A5 Skin 최종 구성 (Track 2a, 3-fold LOMO):

  • MHU-2: OSD-238 (dorsal) + OSD-239 (femoral) 병합 → 35 binary samples
  • RR-6: OSD-243 → 37 binary samples
  • RR-7: OSD-254 C57BL/6J 서브셋 → 30 binary samples

Notes on Excluded Studies

GLDS-168 / OSD-168 — DUPLICATE

OSD-168 is a reprocessed combination of OSD-48 (RR-1) + OSD-137 (RR-3) liver data. Including in Category A would cause sample duplication across LOMO train/test folds. Use only in Category J (J1): pipeline version comparison (v1 vs v2 vs v3). Reference: DESIGN_DECISIONS.md DD-05

OSD-25 (STS-135) — Track 2b only

Uses BALB/c mouse strain, not C57BL/6J. Excluded from Track 2a (primary analysis). Track 2b (secondary, supplementary): included as cross-strain experiment. Reference: DESIGN_DECISIONS.md DD-06

OSD-240/241 (RR-5 Skin) — Track 2b only

BAL-TAL strain (BALB/c × C57BL/6 cross or similar), NOT C57BL/6J. Excluded from Track 2a (A5). Future Track 2b cross-strain analysis candidate. Sample IDs include "BAL-TAL" prefix (confirmed from SampleTable condition strings).

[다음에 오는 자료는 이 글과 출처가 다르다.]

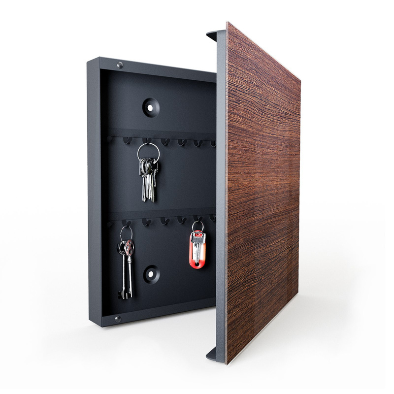 Front kasetki na klucze jest w technice laminowania, grafika znajduje się pod szkłem.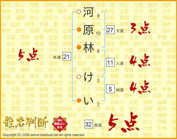 河原林けいさんの総運は32画の5点!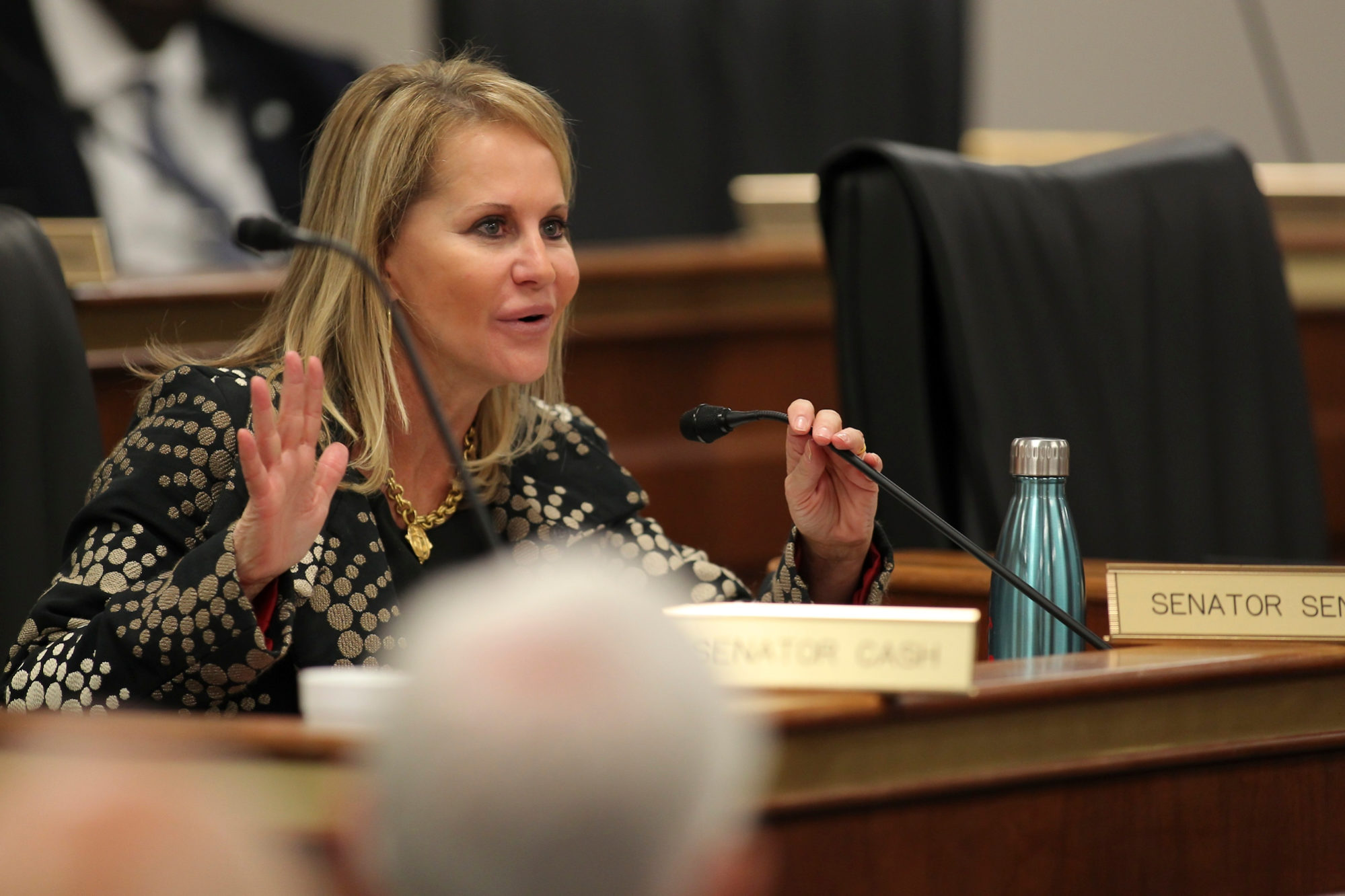 Senn (below) is also an attorney, but we don’t see her gumming up the legislative process in an effort to route pay raises to the judges in her circuit.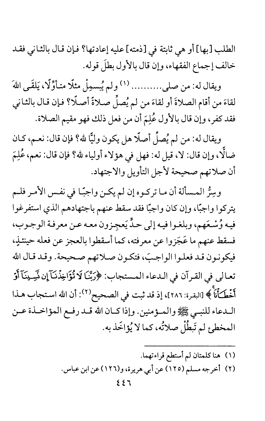 وقد تنازع العلماء فيما إذا صلى باجتهاده فترك ما هو واجب عند المأموم، أو فعلَ ما هو محرم عند المأموم، كالشافعي والحنبلي على قولٍ، فصلَّى خلف المالكي الذي لا يقرأ البسملة، أو المالكي والشافعي إذا خرج منه دمٌ ولم يتوضأ، فصلَّى خلفه حنفي أو حنبلي يرى الوضوء من ذلك، [وأمثال] هذه المسائل. فهذا إذا تيقَّنه المأموم ففي صلاته قولانِ مشهوران للعلماء، والنزاع في ذلك في مذهب الشافعي وأحمد وأبي حنيفة. وأما مذهب مالك فما أعلم فيه نزاعًا أنه يصح الصلاة خلفه. وهذا هو الصحيح المشهور عن أحمد في مسائل الاجتهاد التي تعارضت فيها النصوص. وكذلك الشافعي، وقد ثبت عنه أنه كان يصلي خلف المالكية، وهو يعلم أنهم لا يقرأون البسملة، وأبو يوسف صلَّى خلف هارون الرشيد، وقد احتجم وأفتاه مالك أنه لا يتوضأ.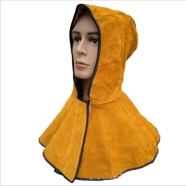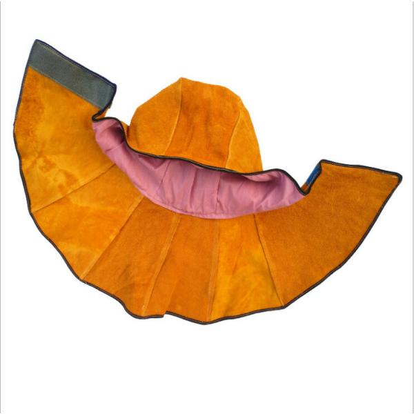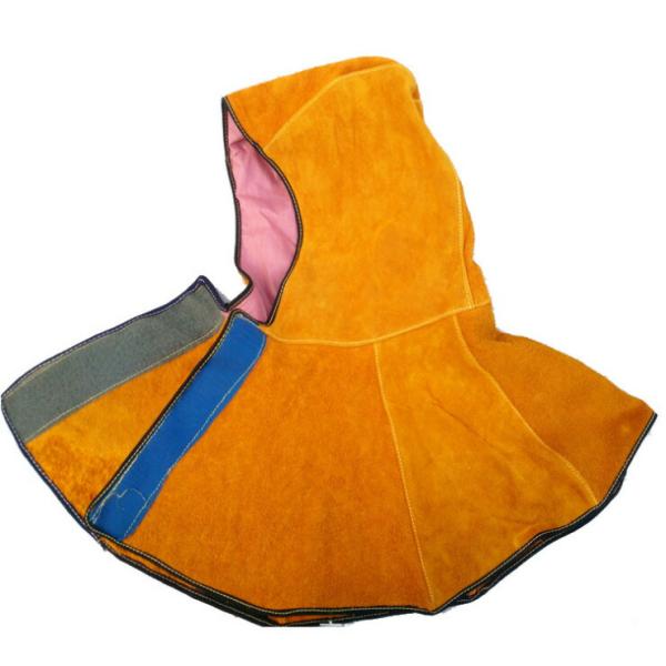 溶接フード 牛革スプリットレザー キャップ付き ネックショルダードレープ ブラウン 耐熱 頭部保護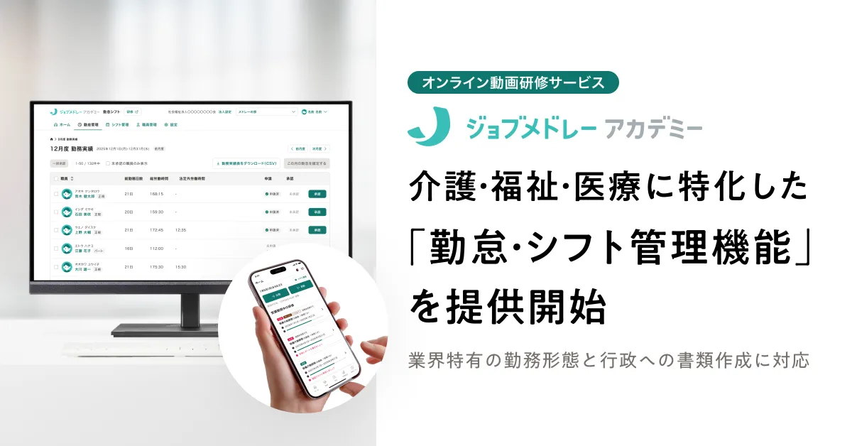 ジョブメドレーアカデミーは、ユーザーが専門家による7,500本以上の動画で学べるオンライン研修を提供しており、受講者数は29万人を超えています。学びやすさとともに、利用者や患者と向き合う時間を創出し、ケアの質向上に寄与する構えです。総合的な視点から、介護業界の働き方改革を支援する、この新たな勤怠・シフト管理機能が今後どう発展していくのかが注目です。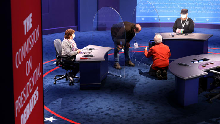 這既反映在現場的佈置,也反映在兩位候選人的辯論策略上。考慮到特朗普與多名競選顧問確診,主辦方總統選舉委員會強化了防疫措施,要求兩位副總統候選人今晚在台上至少保持3.6米的社交距離,還特別在他們之間分別樹立玻璃隔板。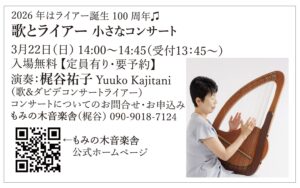 「歌とライアー 小さなコンサート」についてのお申し込みは、もみの木音楽舎(梶谷)へご連絡くださいませ。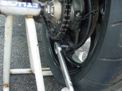 リヤブレーキのキャリパーは、かなり奥まった場所にあります★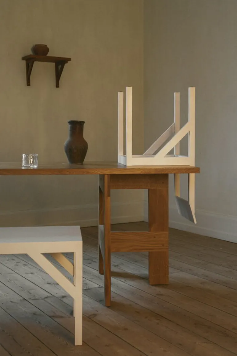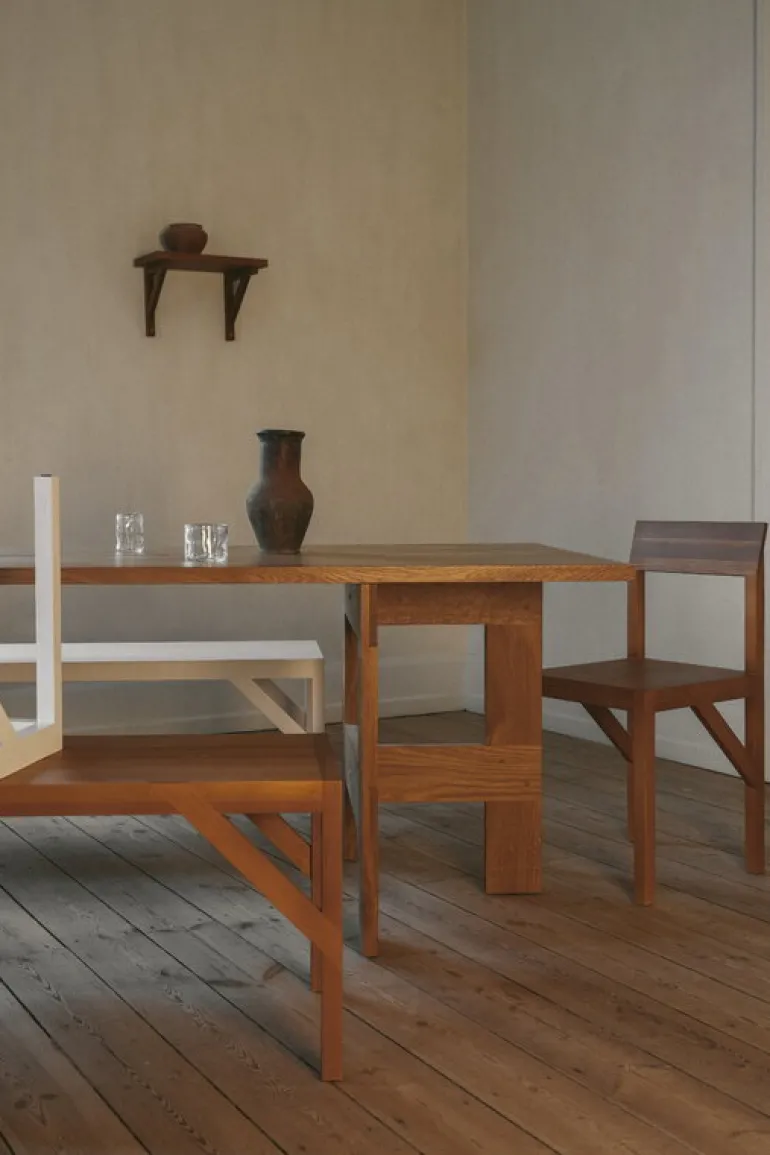 Hyllan Bracket från Frama är en elegant vägghylla i trä som inte räds att bryta mot den klassiska formen genom att ta med oväntade inslag. Furuhyllan ger ett charmigt intryck med sina små detaljer: de triangelformade öppningarna i konsolerna ger hyllan ett lekfullt drag som för övrigt har ett traditionellt utförande. Bracket-kollektionen, som är framtagen i samarbete med designstudion Frederik Gustav, har hämtat inspiration från traditionellt träsnickeri, vilket lyfter fram naturmaterialets unika skönhet.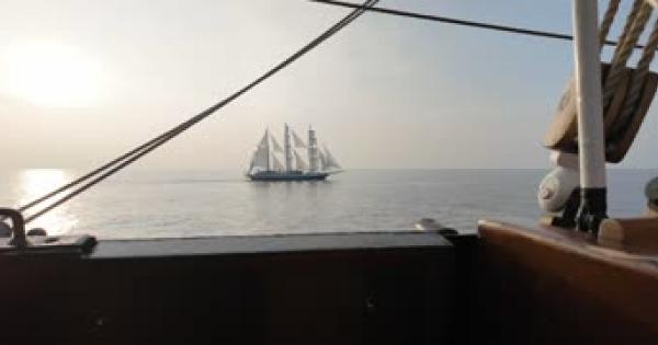 La nave scuola scortata dal veliero Tarangini della Marina Militare indiana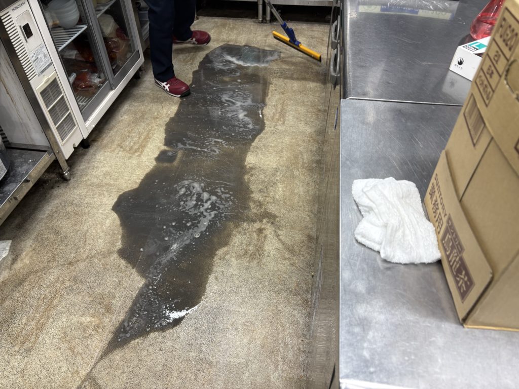 浜松市中央区の焼き肉店の厨房の床洗浄

OSD-254 (RR-7 Skin) — C57BL/6J subset extracted

Mixed strain study: C57BL/6J (n=50 incl. BSL) + C3H/HeJ (n=30). For Track 2a (A5): extracted C57BL/6J non-BSL samples only = 30 samples (10F + 10GC + 10VC). Time points: 25 days and 75 days post-launch (both included, treated as same RR-7 mission).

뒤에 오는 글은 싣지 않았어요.